Transcribe the data that follows in full. Leave out the pictures.

____ Collected data

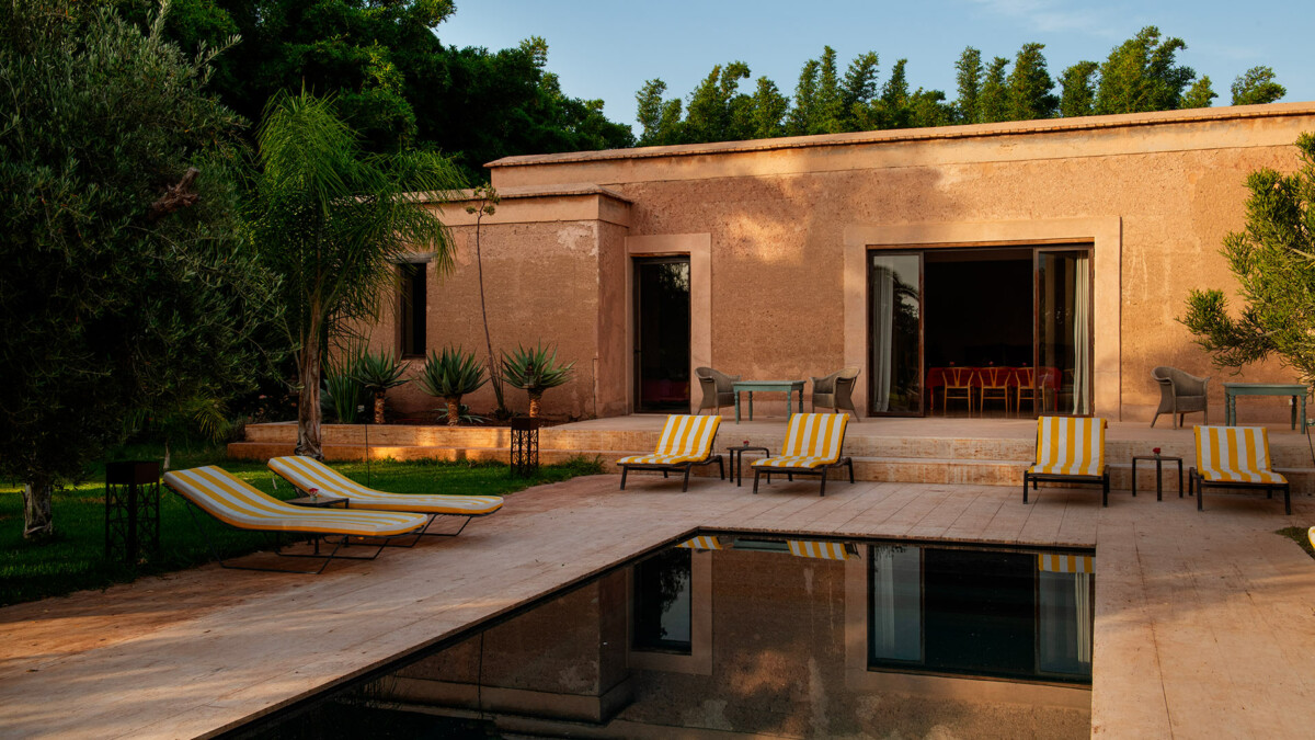 Pavillon Terra est située à Marrakech à moins de 10 minutes de la médina. La villa dispose de 2 grandes chambres avec salle de bain privative, un grand jardin, une piscine superbe de 30 mètres (non chauffée).
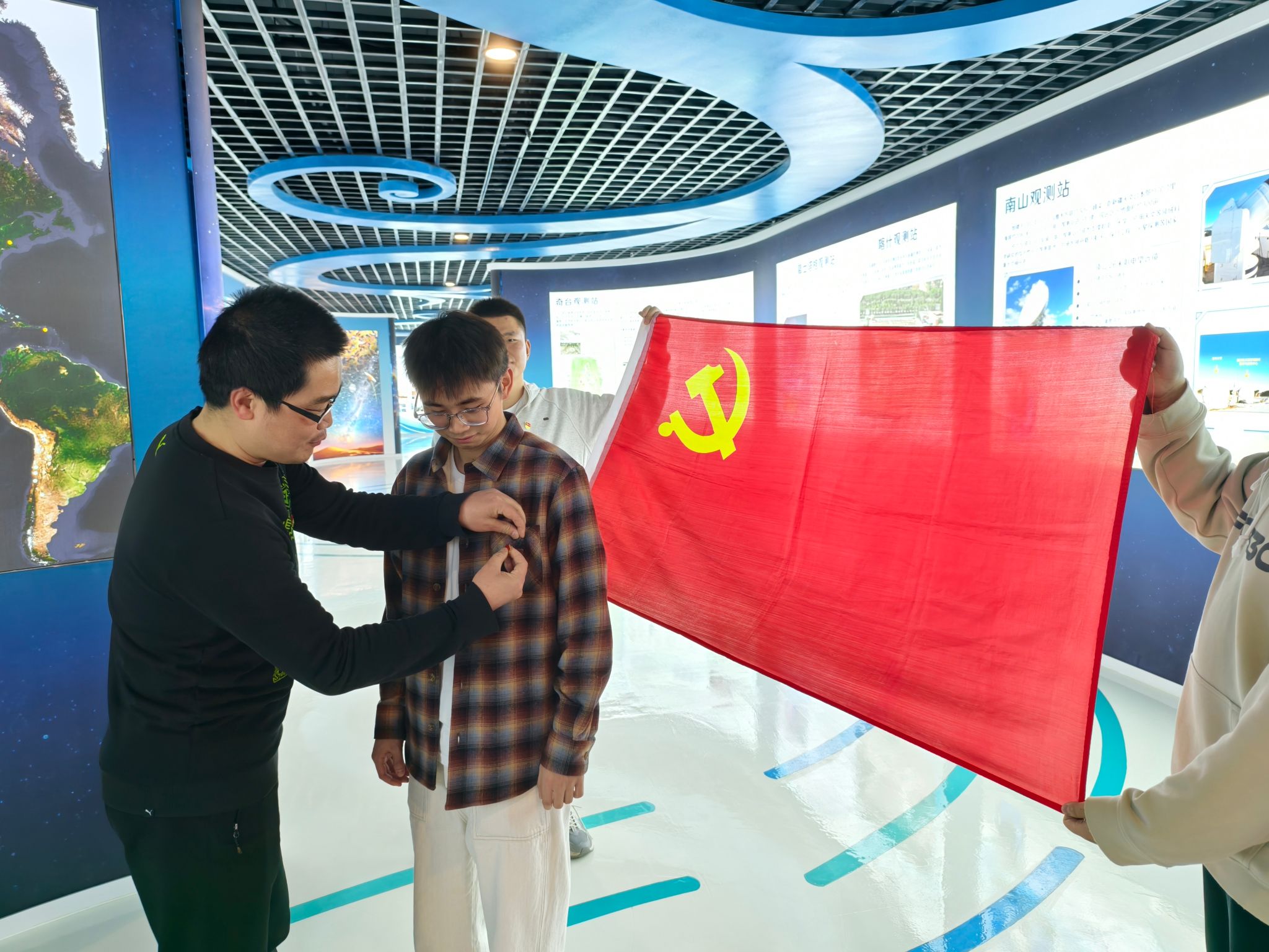 活动伊始,学院师生联合党支部和射电天文党支部全体党员在王凯同志的带领下面向党旗,高举右拳,用铿锵有力的声音重温了入党誓词。老党员代表为新党员王本贤佩戴了党员徽章。
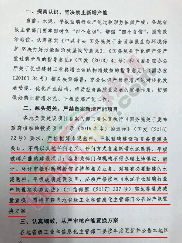 各地負責建設項目備案的部門要認真執(zhí)行《國務院關于發(fā)布政府核準的投資項目目錄(2016年本)的通知》(國發(fā)[2016]72號)要求,嚴格把好水泥熟料、平板玻璃建設項目備案源頭關口,不得以其他任何名義、任何方式備案新增水泥熟料、平板玻璃產(chǎn)能的建設項目;各相關部門和機構不得辦理土地供應、能評、環(huán)評審批和新增授信支持等相關業(yè)務。對確有必要新建的水泥熟料、平板玻璃建設項目,必須嚴格按照《水泥平板玻璃行業(yè)產(chǎn)能置換實施辦法》(工信部原[2017]337號)實施等量或減量置換,需持有經(jīng)當?shù)厥〖壒I(yè)和信息化主管部門公告的產(chǎn)能置換方案。

________

| Response below |
 Pavillon Terra est située à Marrakech à moins de 10 minutes de la médina. La villa dispose de 2 grandes chambres avec salle de bain privative, un grand jardin, une piscine superbe de 30 mètres (non chauffée).
 活动伊始,学院师生联合党支部和射电天文党支部全体党员在王凯同志的带领下面向党旗,高举右拳,用铿锵有力的声音重温了入党誓词。老党员代表为新党员王本贤佩戴了党员徽章。
 各地負責建設項目備案的部門要認真執(zhí)行《國務院關于發(fā)布政府核準的投資項目目錄(2016年本)的通知》(國發(fā)[2016]72號)要求,嚴格把好水泥熟料、平板玻璃建設項目備案源頭關口,不得以其他任何名義、任何方式備案新增水泥熟料、平板玻璃產(chǎn)能的建設項目;各相關部門和機構不得辦理土地供應、能評、環(huán)評審批和新增授信支持等相關業(yè)務。對確有必要新建的水泥熟料、平板玻璃建設項目,必須嚴格按照《水泥平板玻璃行業(yè)產(chǎn)能置換實施辦法》(工信部原[2017]337號)實施等量或減量置換,需持有經(jīng)當?shù)厥〖壒I(yè)和信息化主管部門公告的產(chǎn)能置換方案。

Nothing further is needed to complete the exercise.